All lines below starting at the one that holds "The owlet is approximately" and ending at the one that holds "revenue laundering scheme." should be printed exactly, ends included. Pictures should not be printed, nor anything else.

-------- Task input

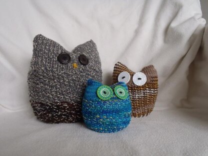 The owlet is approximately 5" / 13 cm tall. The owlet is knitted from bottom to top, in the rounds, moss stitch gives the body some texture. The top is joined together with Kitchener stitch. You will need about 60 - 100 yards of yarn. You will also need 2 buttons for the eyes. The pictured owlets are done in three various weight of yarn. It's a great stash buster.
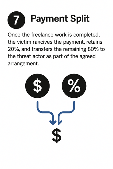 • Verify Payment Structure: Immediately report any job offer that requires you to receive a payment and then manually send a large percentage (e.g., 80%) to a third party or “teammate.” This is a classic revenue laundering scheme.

----------------
-------- Task input

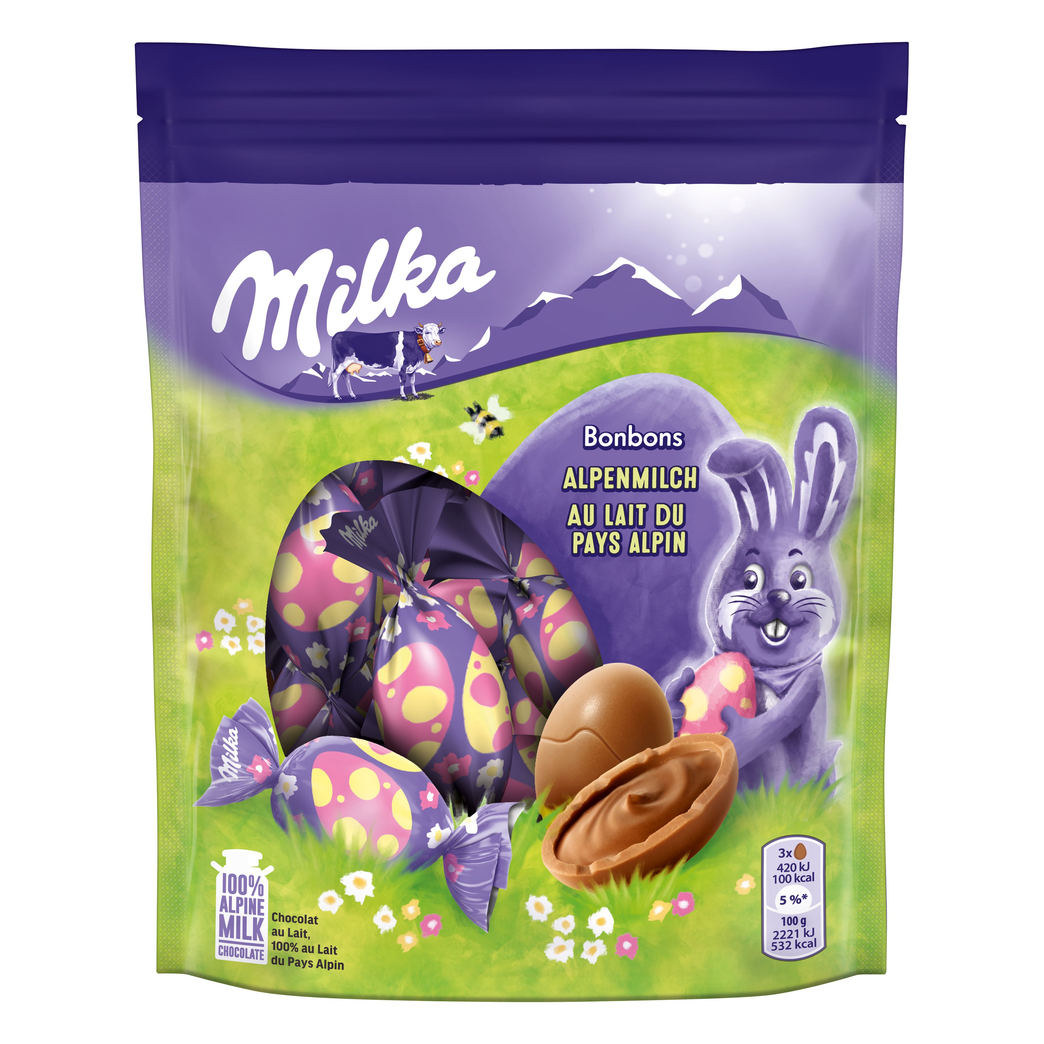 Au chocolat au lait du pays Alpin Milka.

----------------
-------- Task input

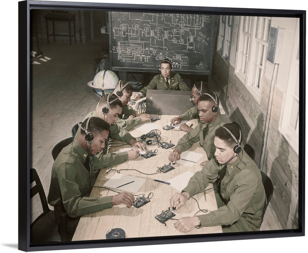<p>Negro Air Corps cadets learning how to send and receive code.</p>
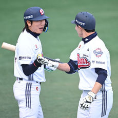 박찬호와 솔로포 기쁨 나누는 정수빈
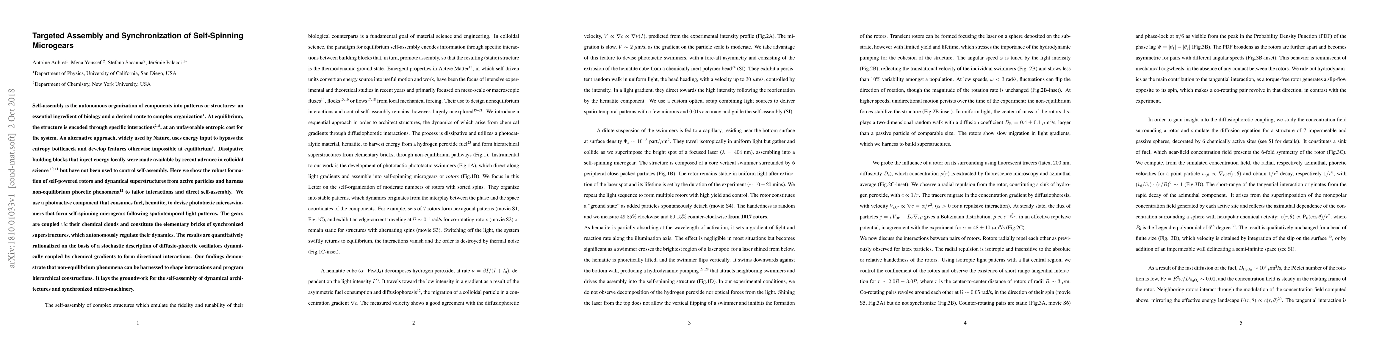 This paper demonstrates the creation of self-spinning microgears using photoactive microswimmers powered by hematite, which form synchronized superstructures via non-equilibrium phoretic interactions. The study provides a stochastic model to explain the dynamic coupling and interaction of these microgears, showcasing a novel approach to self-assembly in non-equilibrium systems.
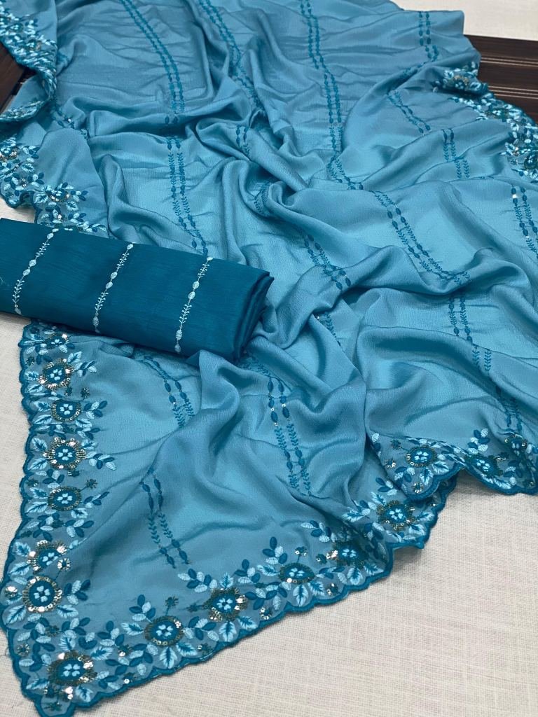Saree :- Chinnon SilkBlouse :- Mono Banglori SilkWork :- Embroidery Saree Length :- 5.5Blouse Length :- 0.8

----------------

*Solution to this problem*.
 The owlet is approximately 5" / 13 cm tall. The owlet is knitted from bottom to top, in the rounds, moss stitch gives the body some texture. The top is joined together with Kitchener stitch. You will need about 60 - 100 yards of yarn. You will also need 2 buttons for the eyes. The pictured owlets are done in three various weight of yarn. It's a great stash buster.
 • Verify Payment Structure: Immediately report any job offer that requires you to receive a payment and then manually send a large percentage (e.g., 80%) to a third party or “teammate.” This is a classic revenue laundering scheme.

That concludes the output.